Good news for Silicon Valley, where griping about the nation's patent system has become a favorite hobby: Inventors will no longer have to trek all the way to the nation's capitol to complain.
On Tuesday, the Department of Commerce’s United States Patent and Trademark Office announced that the San Jose City Hall building had been picked as the permanent home of a new regional patent office.
"This patent office is about tapping and unleashing the kind of economic growth, job creation, and prosperity an innovation economy offers our entire country," Rep. Zoe Lofgren (D-San Jose) said in a statement. "That's because California, and the Valley in particular, are innovation powerhouses that will soon benefit from the extraordinary effort that went into landing this new patent office."
For most of its history, the U.S. Patent and Trademark Office had offices only in Washington. Then a couple of years ago, the agency announced its first regional office.
Upon word of the Motor City being picked, Silicon Valley boosters collectively began smacking their palms against their foreheads. This began a regional campaign to get another patent office in the place that produces more patents than anywhere else in the country.
That lobbying paid off two years ago when President Obama signed a patent reform bill that called for at least three more satellite offices. Dallas and Denver were picked along with Silicon Valley.
Ah, but where in Silicon Valley?
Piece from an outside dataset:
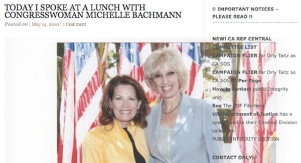 No, really, that's the entire blog post on Queen Birther and prominent California dentist-lawyer Orly Taitz's website. Just a clunky, ecstatic headline and an unformatted photo showing their outfits covered with mysterious white spots. (Bachmann is wearing the same outfit she wore with Sarah Palin! What does it mean? ) Did you know that Orly Taitz is running to become the next Condoleezza Rice, as California secretary of state? Oh, so you did. Hmm. Anyway, this is hopefully the last post ever about lawyer-dentist Orly Taitz. [ Orly Taitz , TPM ]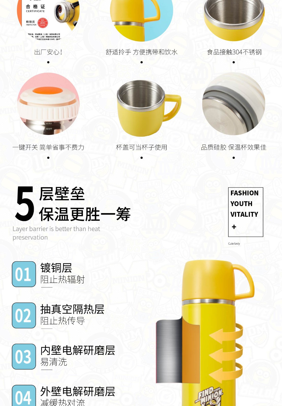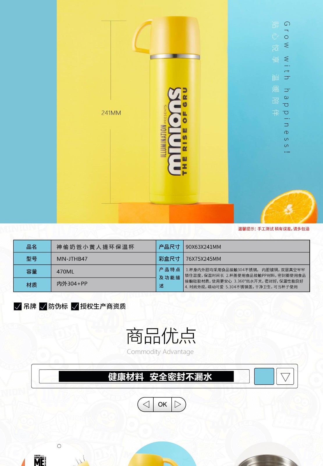 商品名称:神偷奶爸 小黄人提环保温杯 MN-JTHB47

More drama.
Patent officials began hunting high and low for space, which turned out to be rotten timing given the accelerating boom in the region that saw tech firms gobbling up offices.
Then, the search got put on hold last summer because of budget cuts caused by sequestration.
But with the lights back on in the nation's capitol, the search began again. And the result was the city of San Jose offering two years of free rent and three years of rent discounts at its city hall.
The new patent office will have space for patent examiners, a trial and appeals board, and training facilities. Folks in Silicon Valley hope that the patent office in San Jose will be able to draw on local expertise to help improve the quality of patents being issued.